■ Task instructions ■
Exclude all images and print the entries below exactly.

■ Records shown ■
========
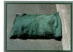
Shade Cloth Bags

Shown filled, sold empty High-strength woven fabric/excellent filtration & flow Green color/visible to drivers Drawstring closure/ease of use Full bag length
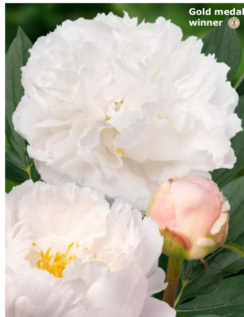
Miss America (1936)
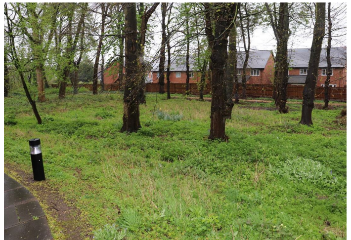
View To Rear
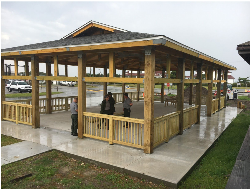
Recent photo of the new Ocracoke passenger ferry shelter.
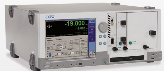
EXFO's IQS-8120/8130 Transport Blazer Test Modules are housed in the IQS-600 Integrated Qualification System, EXFO's powerful lab/manufacturing test platform.

Combined with the built-in IQS Manager software, the IQS-600 platform provides an easy-to-use environment to manage your modules, configure your system, launch applications and analyze results. What's more, it can be controlled using local applications or through GPIB, RS-232 or Ethernet interfaces.
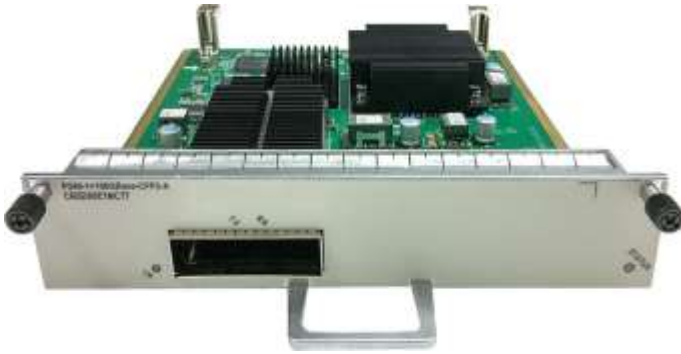
1-Port 100GBase-CFP2 Flexible Card A(P120-A)
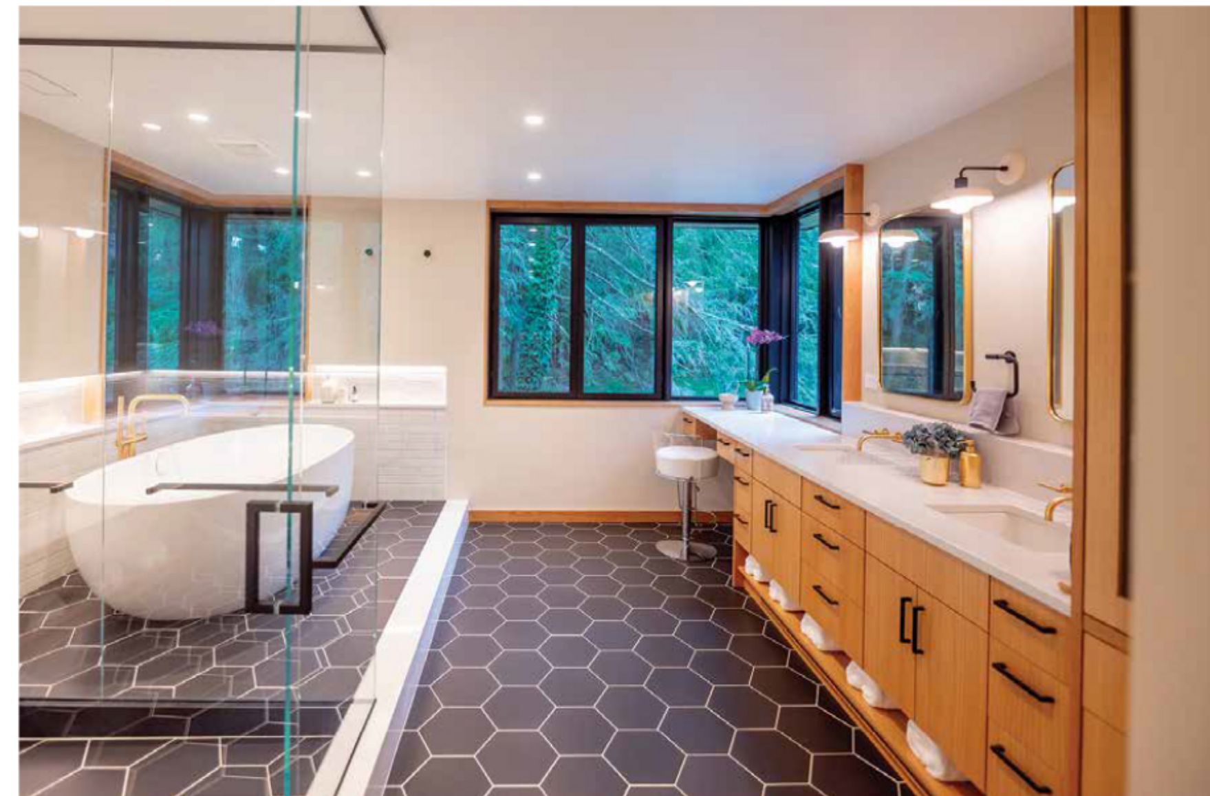
The addition's second floor created room for a soaking tub, glass-encased shower, and quartz vanity with a view on the backyard trees.

As part of the addition, Margittai remodeled the second upstairs bath with a generous walk-in shower and vanity. An added guest room overlooks the backyard oasis.
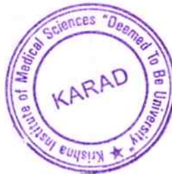
Secretary, Fee Concession Committee.
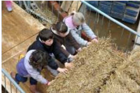
Construction of Victory Community Hall, Norfolk
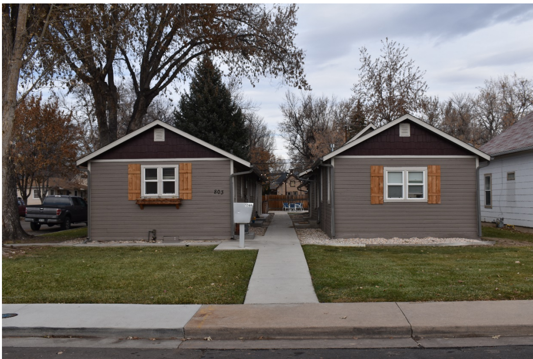
CD 1, Image 37, View to north, of both buildings
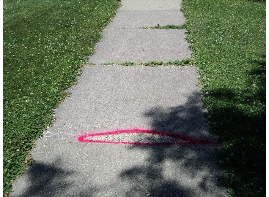
Voids and Erosion of Joints
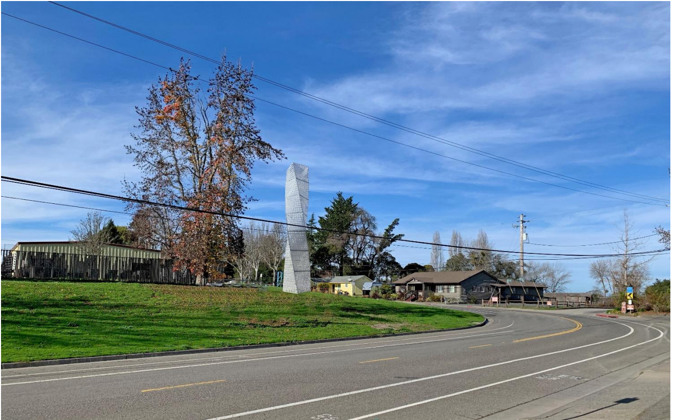
View from Morris Street/approach to Community Cultural Center
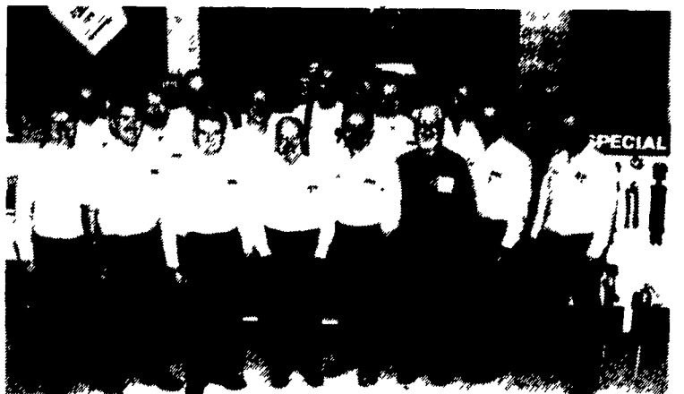
Hooper's Professional Partsmen... Have Parts In Stock!!!
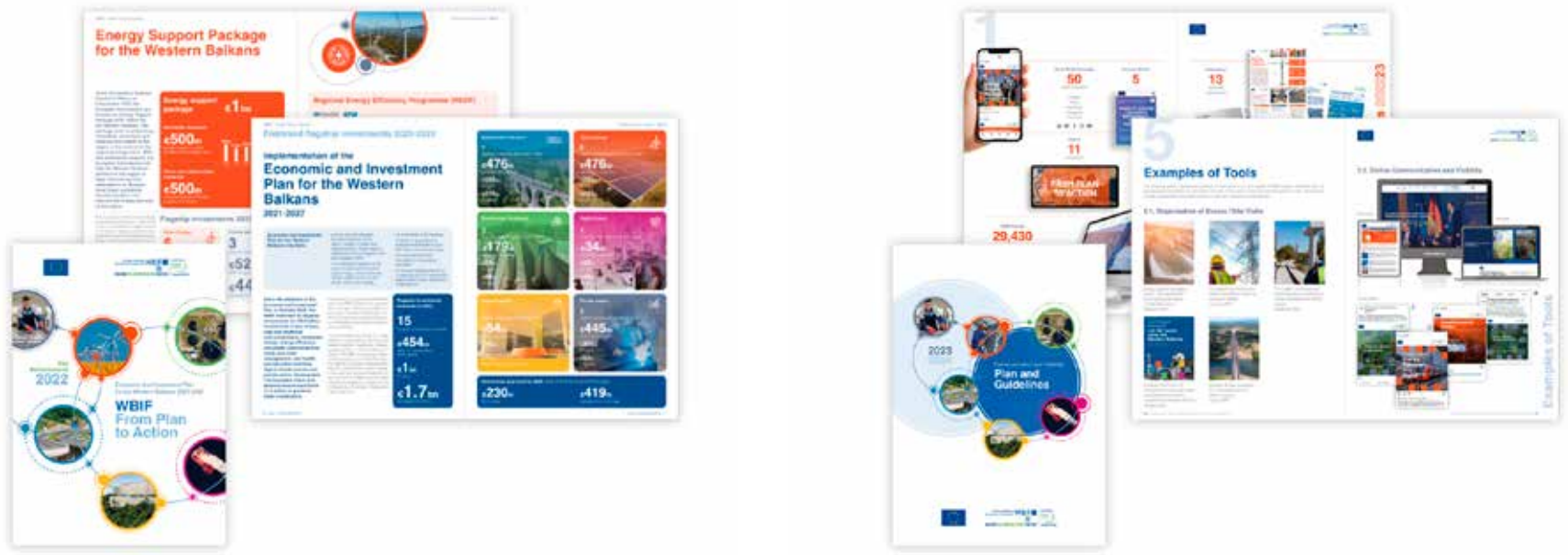
From Plan to Action - WBIF Key Achievements 2022 Communication & Visibility Plan and Guidelines
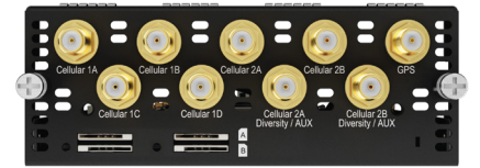
1x LTE-A Pro Module (CAT-18), 1x 5G Module(CAT-20)
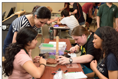
Michigan State University
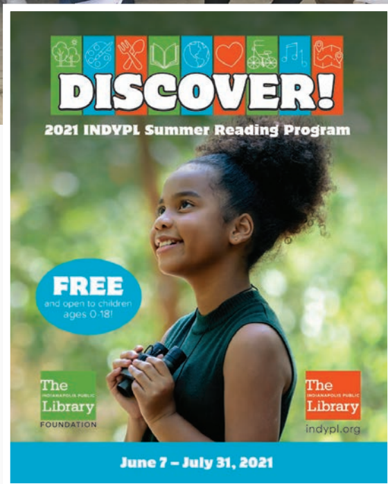
2021 Summer Reading Program Brochure
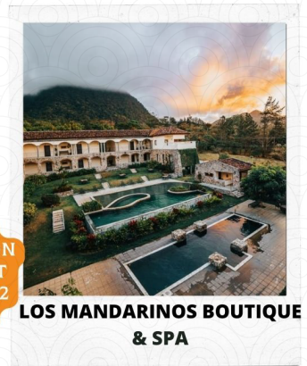
LOS MANDARINOS BOUTIQUE & SPA

$125.00 PER PERSON PER NIGHT MINIMUM 2 NIGHTS
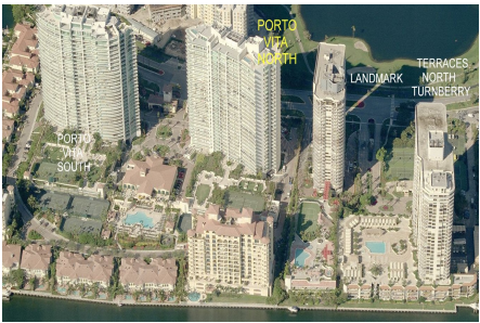
Built in 2003 - 122 units - 30 floors

Porto Vita Property Owner Association Inc (305) 933-1630
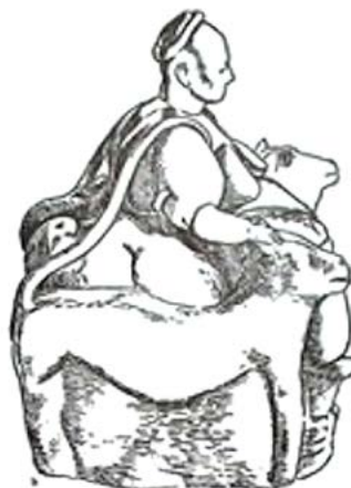
Fig. 2: Reconstructed drawing after Mellaart (1967: 138).
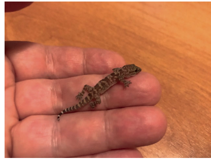
Fig. 2. New find of Hemidactylus turcicus in Sochi (26.11.2021).

At the time of the discovery of Hemidactylus turcicus in Sochi in 2011 at the site of abandoned Turkish warehouses, it was believed that the micropopulation numbered about 45 specimens. The young individuals observed annually until 2017 confirmed the success of reproduction and maintenance of the population. Our new record of a juvenile in the fall of 2021 confirmed the successful existence of this species in Sochi. It also indicates a slight expansion of the range, about 1 km east of the original find site.
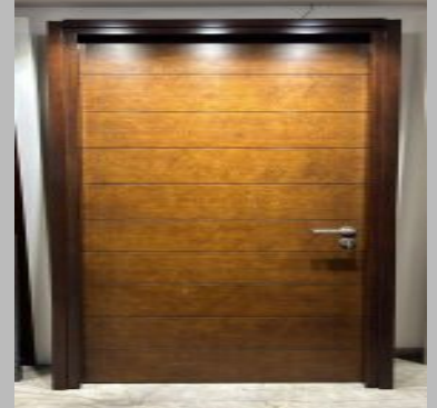
Hardwood Laminated Door
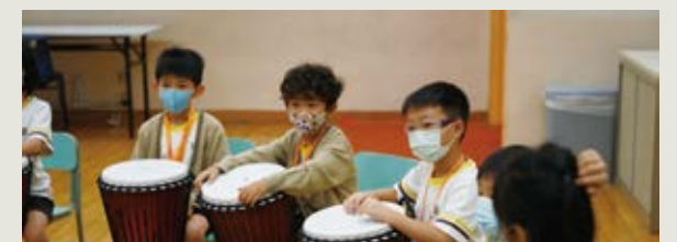
▲ Students experience playing African drums.
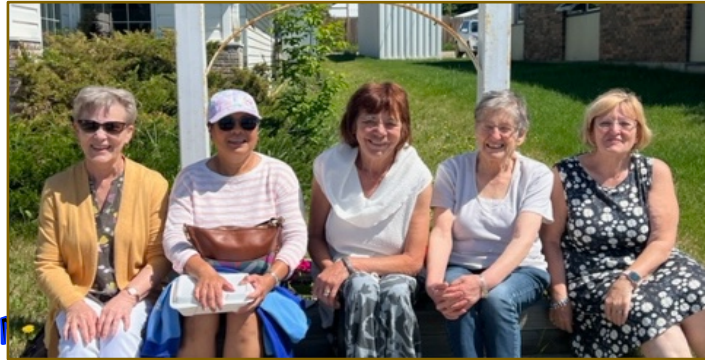
Something was very funny ... just can't remember what it was.
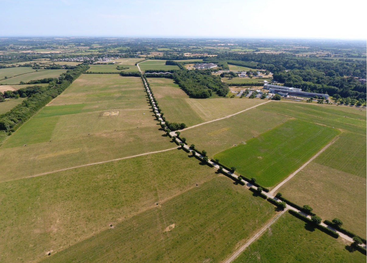
Figure 1 Early July when severe drought was beginning to take
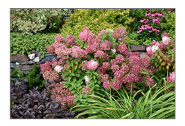
Bobo Hydrangea in bloom

This shrub performs well in both full sun and full shade. It prefers to grow in average to moist conditions, and shouldn't be allowed to dry out. It is not particular as to soil type or pH. It is highly tolerant of urban pollution and will even thrive in inner city environments. Consider applying a thick mulch around the root zone in winter to protect it in exposed locations or colder microclimates. This is a selected variety of a species not originally from North America.
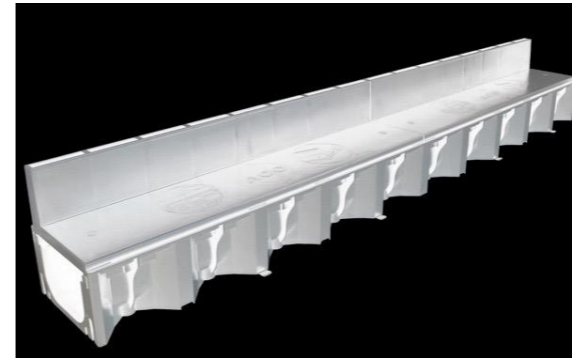
Name the Product
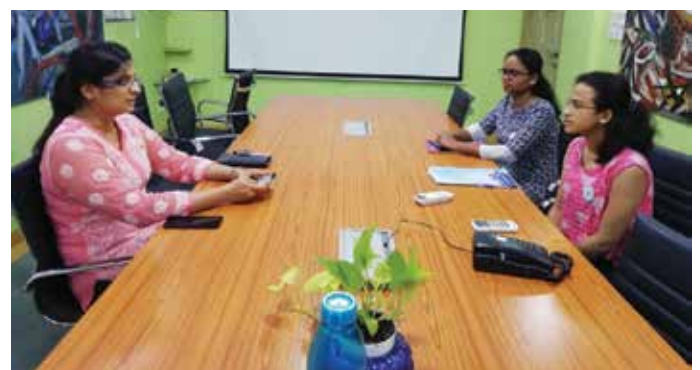
Mock Interview session conducted by Mercedes Benz volunteers
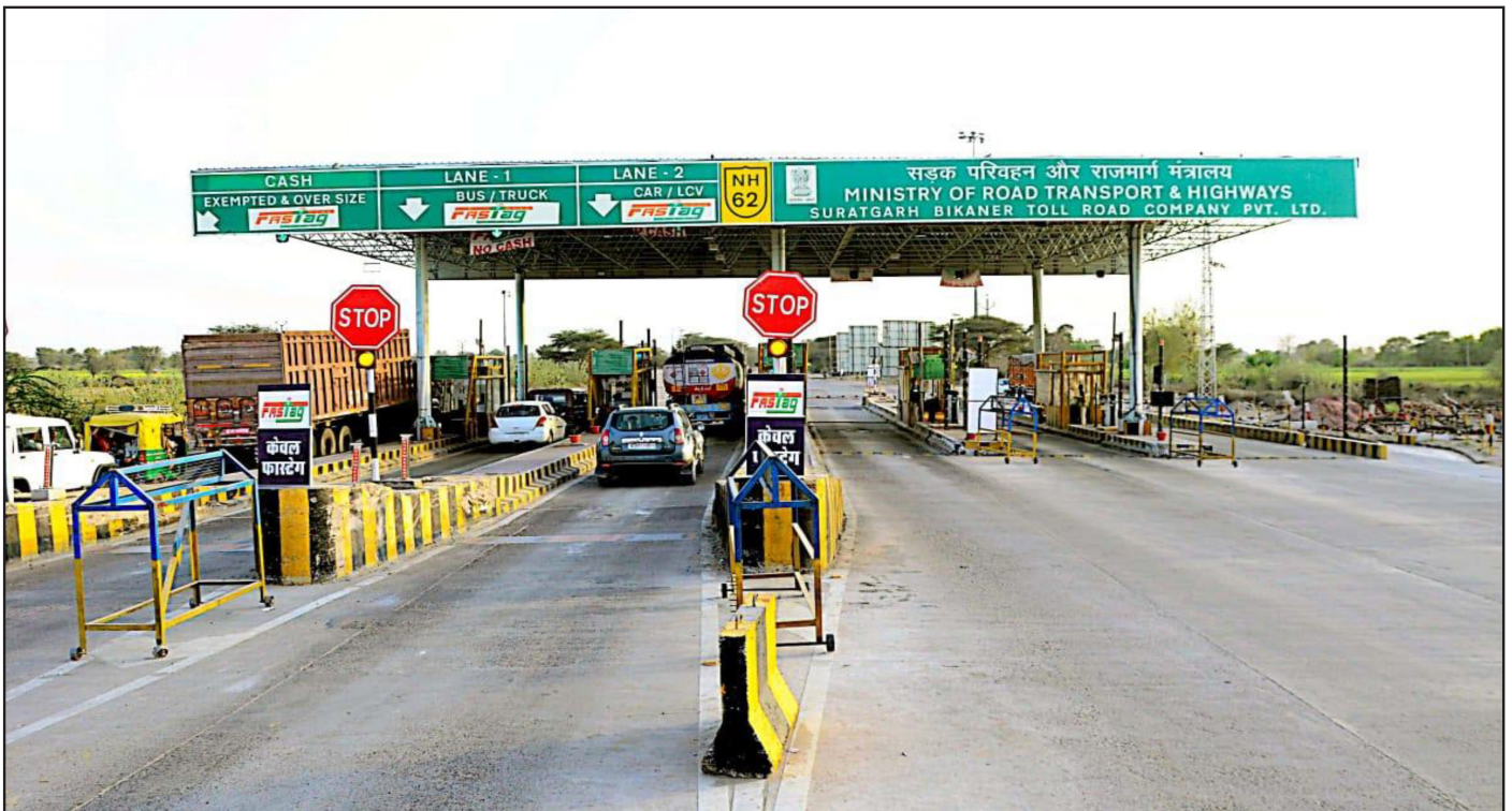
Development & Operation of Bikaner-Suratgarh Section of NH-62 (earlier NH-15) in the state of Rajasthan for Ministry of Road Transport & Highways through PWD, Rajasthan (PCOD-96.54%).
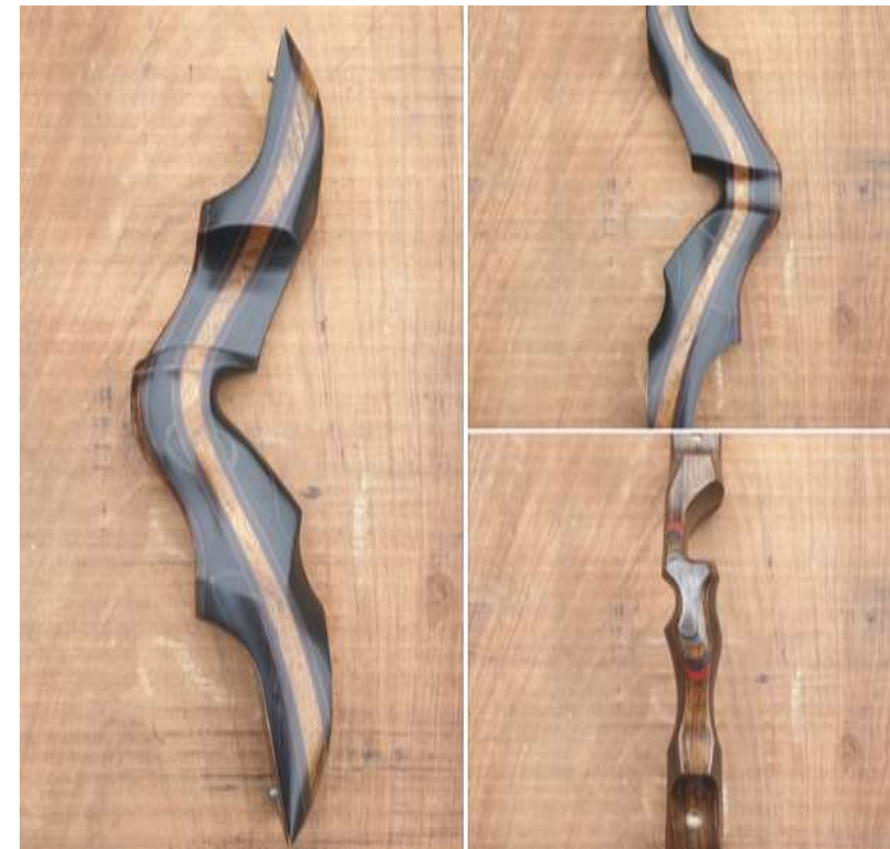
SN5717 19" RH. Phenolic with Shedua Centre. Red Accents
========
■ Result for this exercise ■
Shade Cloth Bags

Shown filled, sold empty High-strength woven fabric/excellent filtration & flow Green color/visible to drivers Drawstring closure/ease of use Full bag length
Miss America (1936)
View To Rear
Recent photo of the new Ocracoke passenger ferry shelter.
EXFO's IQS-8120/8130 Transport Blazer Test Modules are housed in the IQS-600 Integrated Qualification System, EXFO's powerful lab/manufacturing test platform.

Combined with the built-in IQS Manager software, the IQS-600 platform provides an easy-to-use environment to manage your modules, configure your system, launch applications and analyze results. What's more, it can be controlled using local applications or through GPIB, RS-232 or Ethernet interfaces.
1-Port 100GBase-CFP2 Flexible Card A(P120-A)
The addition's second floor created room for a soaking tub, glass-encased shower, and quartz vanity with a view on the backyard trees.

As part of the addition, Margittai remodeled the second upstairs bath with a generous walk-in shower and vanity. An added guest room overlooks the backyard oasis.
Secretary, Fee Concession Committee.
Construction of Victory Community Hall, Norfolk
CD 1, Image 37, View to north, of both buildings
Voids and Erosion of Joints
View from Morris Street/approach to Community Cultural Center
Hooper's Professional Partsmen... Have Parts In Stock!!!
From Plan to Action - WBIF Key Achievements 2022 Communication & Visibility Plan and Guidelines
1x LTE-A Pro Module (CAT-18), 1x 5G Module(CAT-20)
Michigan State University
2021 Summer Reading Program Brochure
LOS MANDARINOS BOUTIQUE & SPA

$125.00 PER PERSON PER NIGHT MINIMUM 2 NIGHTS
Built in 2003 - 122 units - 30 floors

Porto Vita Property Owner Association Inc (305) 933-1630
Fig. 2: Reconstructed drawing after Mellaart (1967: 138).
Fig. 2. New find of Hemidactylus turcicus in Sochi (26.11.2021).

At the time of the discovery of Hemidactylus turcicus in Sochi in 2011 at the site of abandoned Turkish warehouses, it was believed that the micropopulation numbered about 45 specimens. The young individuals observed annually until 2017 confirmed the success of reproduction and maintenance of the population. Our new record of a juvenile in the fall of 2021 confirmed the successful existence of this species in Sochi. It also indicates a slight expansion of the range, about 1 km east of the original find site.
Hardwood Laminated Door
▲ Students experience playing African drums.
Something was very funny ... just can't remember what it was.
Figure 1 Early July when severe drought was beginning to take
Bobo Hydrangea in bloom

This shrub performs well in both full sun and full shade. It prefers to grow in average to moist conditions, and shouldn't be allowed to dry out. It is not particular as to soil type or pH. It is highly tolerant of urban pollution and will even thrive in inner city environments. Consider applying a thick mulch around the root zone in winter to protect it in exposed locations or colder microclimates. This is a selected variety of a species not originally from North America.
Name the Product
Mock Interview session conducted by Mercedes Benz volunteers
Development & Operation of Bikaner-Suratgarh Section of NH-62 (earlier NH-15) in the state of Rajasthan for Ministry of Road Transport & Highways through PWD, Rajasthan (PCOD-96.54%).
SN5717 19" RH. Phenolic with Shedua Centre. Red Accents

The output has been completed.